Interfacing Python and C: Advanced “ctypes” Features - dbader
https://dbader.org/blog/python-ctypes-tutorial-part-2#intro
======
abainbridge
Seems like a reasonable article. But that Makefile is a disaster:

1\. The clean rule doesn't delete the generated .html file.

2\. The clean rule returns an error if some of the output files are missing.
It needs a -f adding.

3\. It doesn't implement dependency tracking of the header files or the
Makefile itself.

4\. On my clean Ubuntu 16 LTS install, the .o:.c rule doesn't get called.
Instead Make uses its built-in rule which doesn't include -fPIC, so the build
fails. I guess it is missing some % symbols.

More controversially, I think Makefiles for simple purposes like this are a
form of premature optimization. It would be simpler to create a bash script
called build.sh containing:

    
    
      CFLAGS="-Wall -Werror -fpic"
      gcc $CFLAGS -shared Point.c Line.c -o libline.so
      gcc $CFLAGS -shared Point.c -o libpoint.so
      ./testPoint.py
      ./testWrappedPoint.py
      ./testLine.py
    

That's much easier to understand, doesn't depend on Make being installed,
rebuilds when a header is changed and doesn't generate .o file litter. The
price is that it takes 0.1 seconds longer to run in the case where there's no
building to be done and there's no "clean". I think it is a net win.

------
notacoward
Good article. A while back, I wrote a framework to support Python modules in a
multi-threaded C program, so the control flow is from C to Python and then
back again.

[http://www.linuxjournal.com/content/extending-glusterfs-
pyth...](http://www.linuxjournal.com/content/extending-glusterfs-python)
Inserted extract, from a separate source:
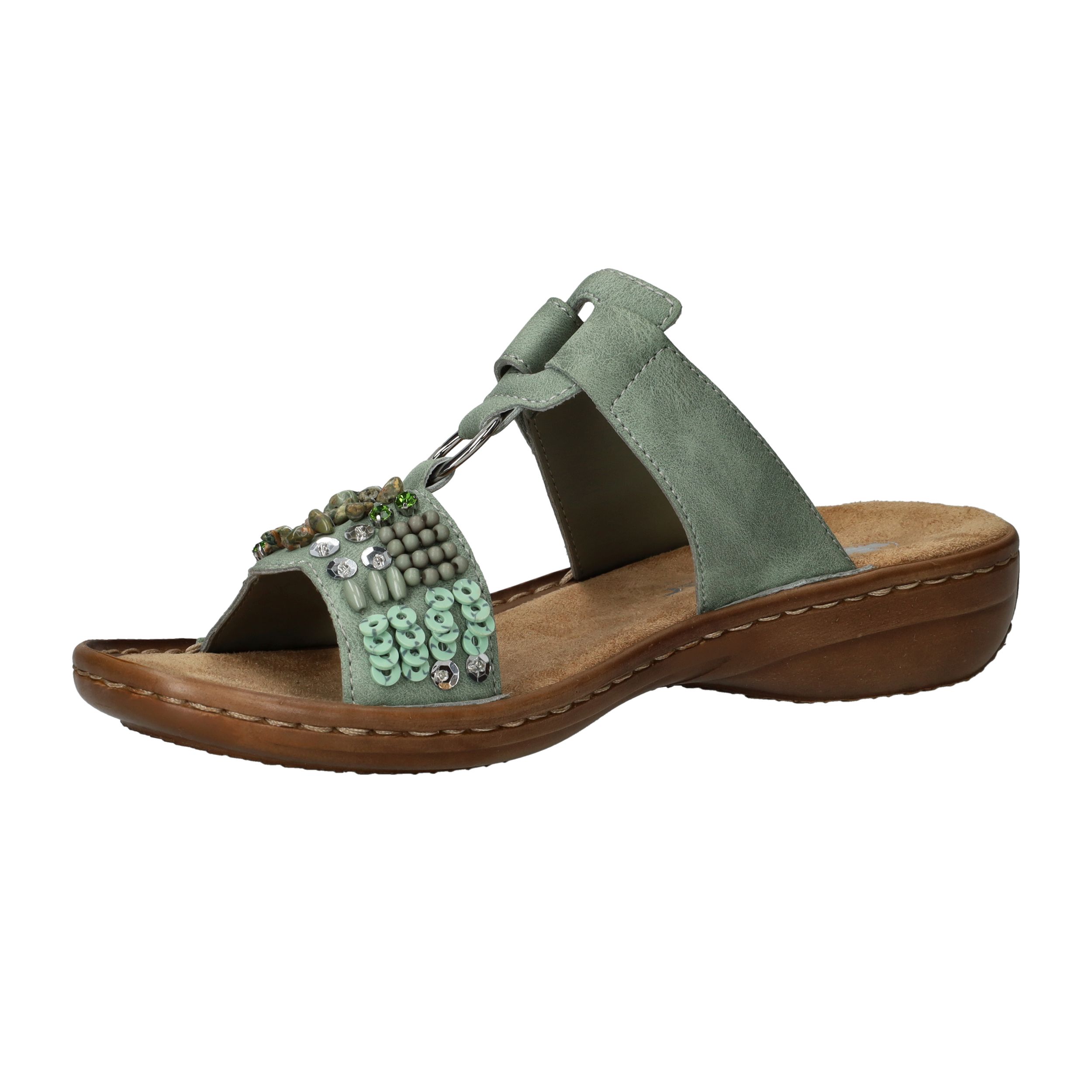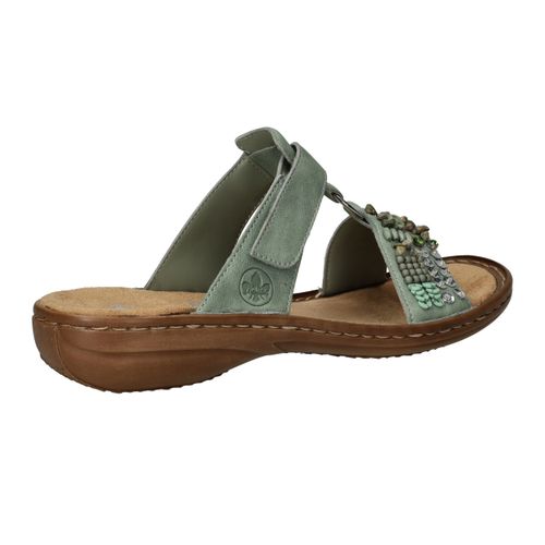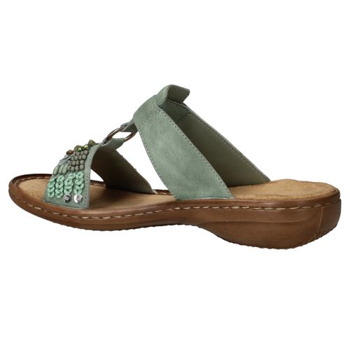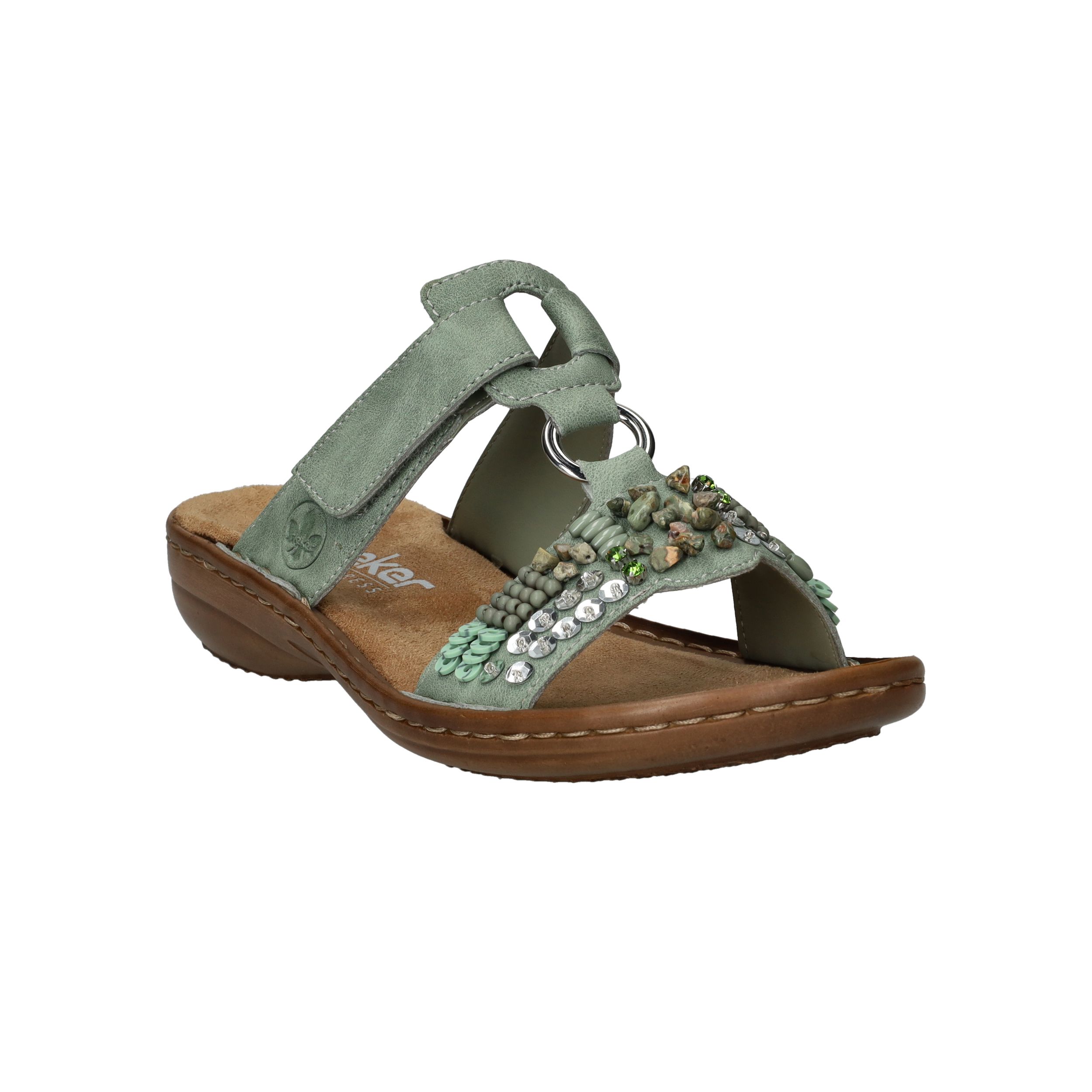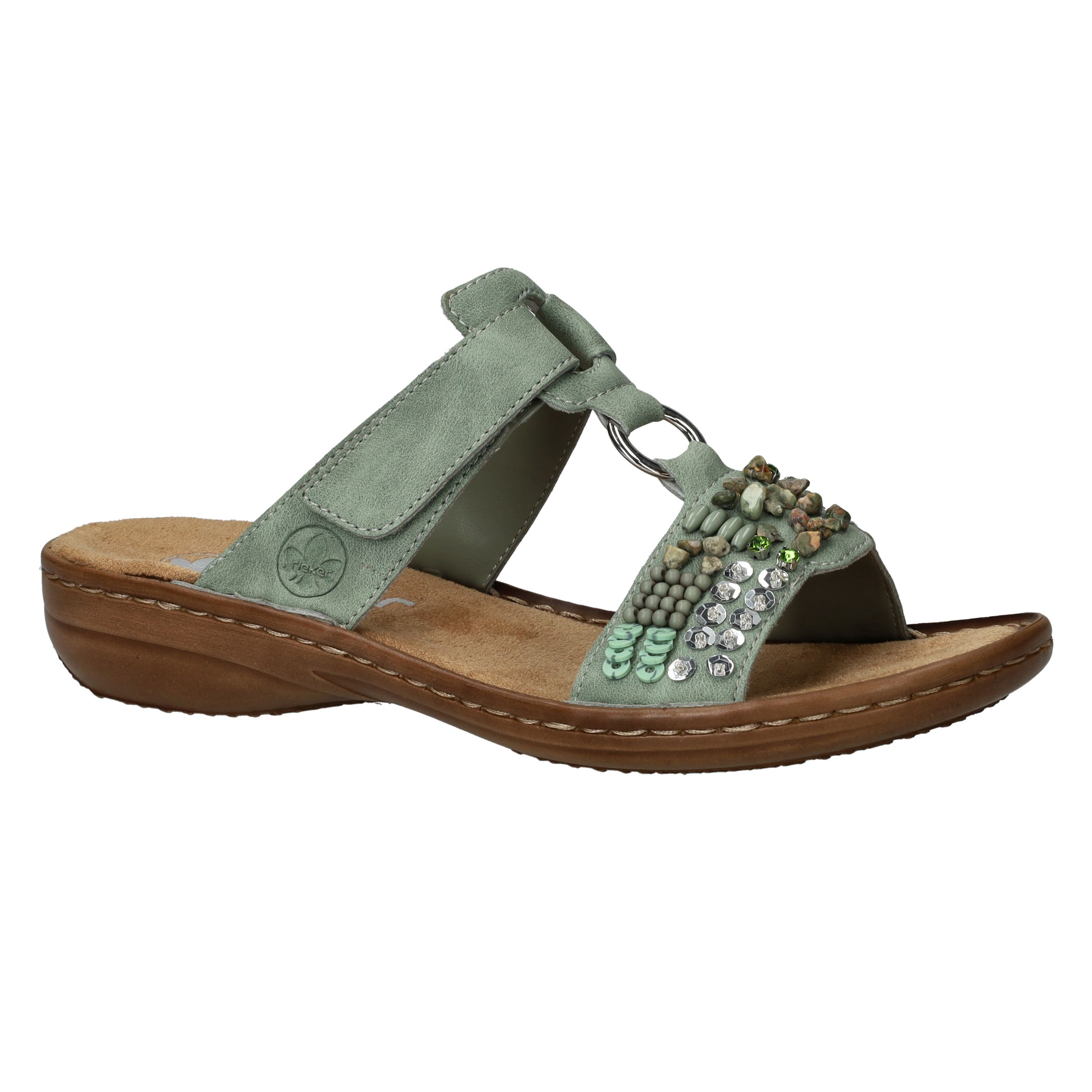 Comfortabele Rieker slipper in een mintgroene kleur. De steentjes geven deze damesslipper een zomerse uitstraling!

For the "embedding" part (C to Python) it's very important to get the GIL
stuff right, but it's not totally obvious how to do so and it's hard to debug
when you get it wrong. For the "extending" part (Python to C) the issue is
going to be maintaining references for Python objects. Dealing with all of the
edge cases (e.g. decorators and ctypes-generated function wrappers) was quite
educational. Mixing C and Python is definitely a fun exercise.

------
Cieplak
pybind11 is the nicest foreign function interface I've encountered:

[https://github.com/pybind/pybind11](https://github.com/pybind/pybind11)

------
orbifold
Personally I like pybind11 much better, it is incredibly easy to wrap even
fairly complex c++ (and by extension c) projects with it. The best thing about
it is its very good and thorough documentation. It is even fairly simple to
autogenerate most of those bindings using libclang (The example he gave fall
in that category, it gets trickier if you want to be able to subclass in
python).

------
xioxox
I've always thought ctypes a bit of a hack as you get crashes and so on if
you're not constantly careful about updating function definitions. It would be
much nicer if the compiler could catch the errors, e.g.

    
    
        #include "mylib.h"
        PYTHON_WRAP(myfunc, void, float, float...)
    

Even with cython (please correct me if I'm wrong), the definition needs to be
duplicated in the cython script to use it.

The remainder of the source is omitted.